Tuesday, September 26, 2006

In the Time of Pistols and Sneezes

There was a way to sneeze in the Squinty-eyed American West so as not to accidentally set off a gunfight in a crowded, jittery saloon. Unfortunately it involved pinching your nose and holding it in, and that's just bad for your sinuses is what that is. So, if you got that dangerous tickle, and those intakes of air that went: "ah ah ah..." you were much better off drawing your gun and shooting the meanest man there. Then in the gunsmoke calm, you could sneeze on his corpse and order a whiskey.

Word would soon get around that you were a very dangerous man. If your last name was McGee, folks would start calling you Sneezes. Sneezes McGee; a man not to be trifled with.


This epic of a historical document is practically down on its knees begging for more characters... Hiccup Palmer, Farty Cunningham, and of course, Rex "Stomach Gurgles" McGraw--The Abilene Nightmare.
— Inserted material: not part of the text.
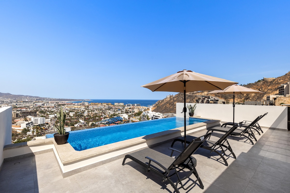 SPECTACULAR VIEWS just a 5 minute drive to the Arch Landmark and incredible Medano beach. Manager available to help you, airport pick ups for a better fee. Rooftop Pool, hottub, firepit and gym equipment. Full length mirror. Front desk 24/7 Concierge is included for your reservation by contacting Fernando our co-host. Restaurants and coffee shops near. We would love to assist you to make your vacation perfect. We recommend contacting our manager for airport transportation.

But that would just be silly.

(Everyone knows Rex "Stomach Gurgles" McGraw was from El Paso.)


At 9:40 PM, Anonymous ATD said...

I bet that Farty Cunningham learned to be a fighter in elementary school, when he had to beat up every low-down, tinhorn, name-calling sumbitch what made fun of the name his old mama gave him. And I bet he learned to be a man in high school, when he defended the right to bear a last name that began with 'cunni' what was given him by his old papa. And lastly I reckon he learned to be a gunslinger when he burst through the mouldering batwing doors and let one rip in a dusty old saloon in a rough little town by the Rio Grande.
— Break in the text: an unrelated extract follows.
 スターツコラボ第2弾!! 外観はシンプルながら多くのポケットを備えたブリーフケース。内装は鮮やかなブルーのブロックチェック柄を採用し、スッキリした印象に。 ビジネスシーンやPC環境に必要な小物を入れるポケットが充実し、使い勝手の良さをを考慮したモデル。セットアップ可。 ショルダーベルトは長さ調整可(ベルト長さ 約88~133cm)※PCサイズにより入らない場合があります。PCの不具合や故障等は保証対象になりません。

At 8:15 AM, Anonymous Strange Forces said...

Don't forget Jack "Crackin'" Nuckols.

Years ago, I lived in a super-cheap group house with four other people. The place was run-down and lacking things like up-to-spec wiring. Thing was, our landlord was _actually_ named Jack Nuckols.

We never missed paying our rent, because no one, NOT NO ONE, wants to cross a man named "Nuckols."

At 10:42 PM, Blogger Latigo Flint said...

ATD, I reckon that's exactly how it all went down.

Practically too good to be true Strange Forces, but I do believe you--some things can't be made up. I think a man named Jack Nuckols is probably one of those things.